Rus bakanın belirli bir tutum benimsememe konusundaki ısrarı -veya başka bir deyişle, İran-Amerikan nükleer krizi konusunda açık ve net bir tavır beyan etme konusundaki isteksizliği- ile Lavrov'un Rusya'nın barışçıl nükleer enerji hakkı konusunda İran'ın yanında durduğu açıklaması göz önüne alındığında, Lavrov, ülkesinin İran'ın kendi topraklarında zenginleştirme faaliyetlerinde bulunma hakkı talebine ilişkin tutumunu bir şekilde belirsiz bıraktı. Bu durum, Moskova'nın bu ilişkiyi, Washington ile yaşanan krize çözümler ve çıkış yolları sunmak için kullanmasına olanak tanıyor. En azından İran'ın zenginleştirilmiş uranyum stoku ve Rusya'ya nakledilerek İran'ın gelecekteki ihtiyaçlarını karşılamak üzere elektrik üretimi için yakıta dönüştürülmesi olasılığı konusunda.

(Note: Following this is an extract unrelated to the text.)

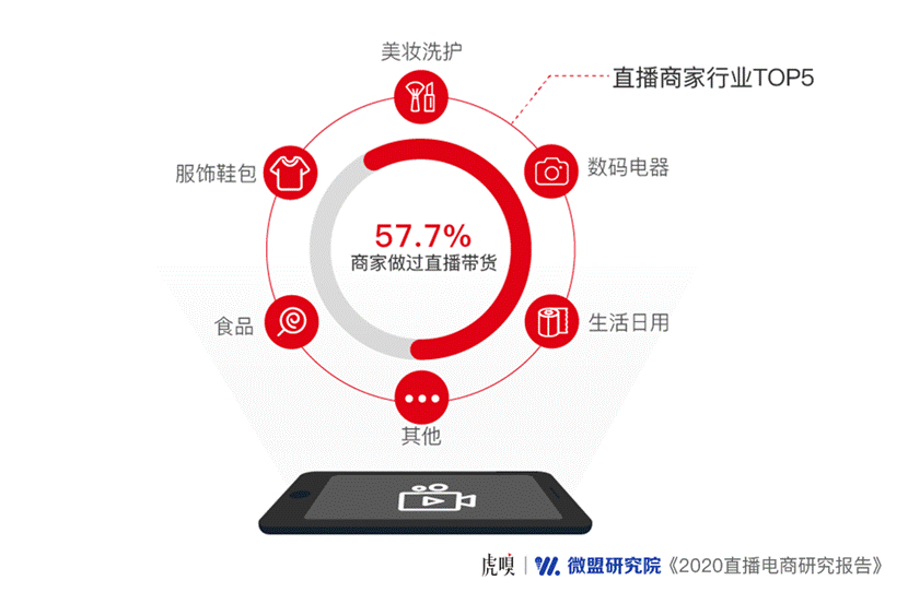 根據虎嗅聯合微盟研究院問卷調查,超過七成的用戶有過直播購物的經歷,認為通過直播可以對商品有更直觀的了解,且價格也相對實惠,能夠激發購買欲。超過一半的用戶每個月通過直播購物一到兩次。另有針對商家的調查問卷顯示,57.7%的商家做過直播帶貨,其中,服飾鞋包、美妝洗護、食品、生活日用、數碼電器五大行業是直播帶貨的熱門行業。

Ancak, her iki yöndeki bu ikili görüşmeler, yeni bir diplomatik çerçeve oluşturabilir. Söz konusu çerçevenin de 16 Ekim'de, BM Güvenlik Konseyi'nin 2231 sayılı kararının sona ermesinden, 7. Bölüm kapsamında İran'a karşı uluslararası yaptırımların yeniden devreye alınmasına yönelik “tetik mekanizmasının” çökmesinden önceki üç ay boyunca, bir sonraki aşamanın şekillenmesine katkıda bulunması bekleniyor.

Her iki tarafın, yani Amerikalılar ile İranlıların, bu sefer doğrudan müzakere masasına döneceğine şüphe yok. Bu nedenle, her iki taraf da müzakere masasına oturmadan önce gücünü pekiştirecek kartları toplamaya çalışıyor. Washington askeri eyleme başvurmakla tehdit ederken ve askeri seçeneğe geri dönebileceğini deklare ederken, aynı zamanda Güvenlik Konseyi'ne başvurma ve tetik mekanizmasını aktifleştirme hakkına sahip olan Avrupa “troykası”ndaki (üçlüsü) müttefiklerinin nüfuzuna güveniyor.

Buna karşılık, Tahran'ın elindeki seçeneklerden biri, bir ay önce 13 Haziran'da şafak vaktinde düzenlenen saldırıda olduğu gibi hazırlıksız yakalanmamak için olası bir askeri çatışmaya hazırlık seviyesini yükseltmektir. Tahran ayrıca, Avrupa üçlüsünün Washington ile koordinasyon halinde başvurabileceği herhangi bir kararı engellemek için diplomatik seçeneği de aktifleştirecektir. Yani hem Moskova'yı hem de Pekin'i 5 Ağustos'tan önce nükleer anlaşmadan çekildiklerini açıklamaya ikna etmek için çalışması gerekecektir. Bu durumda iki ülke, 2015 anlaşmasına bağlı kalmaları halinde kaybettikleri veto haklarını geri kazanacak, böylece Washington ve üçlünün alabileceği herhangi bir karara karşı bu hakkı kullanabileceklerdir.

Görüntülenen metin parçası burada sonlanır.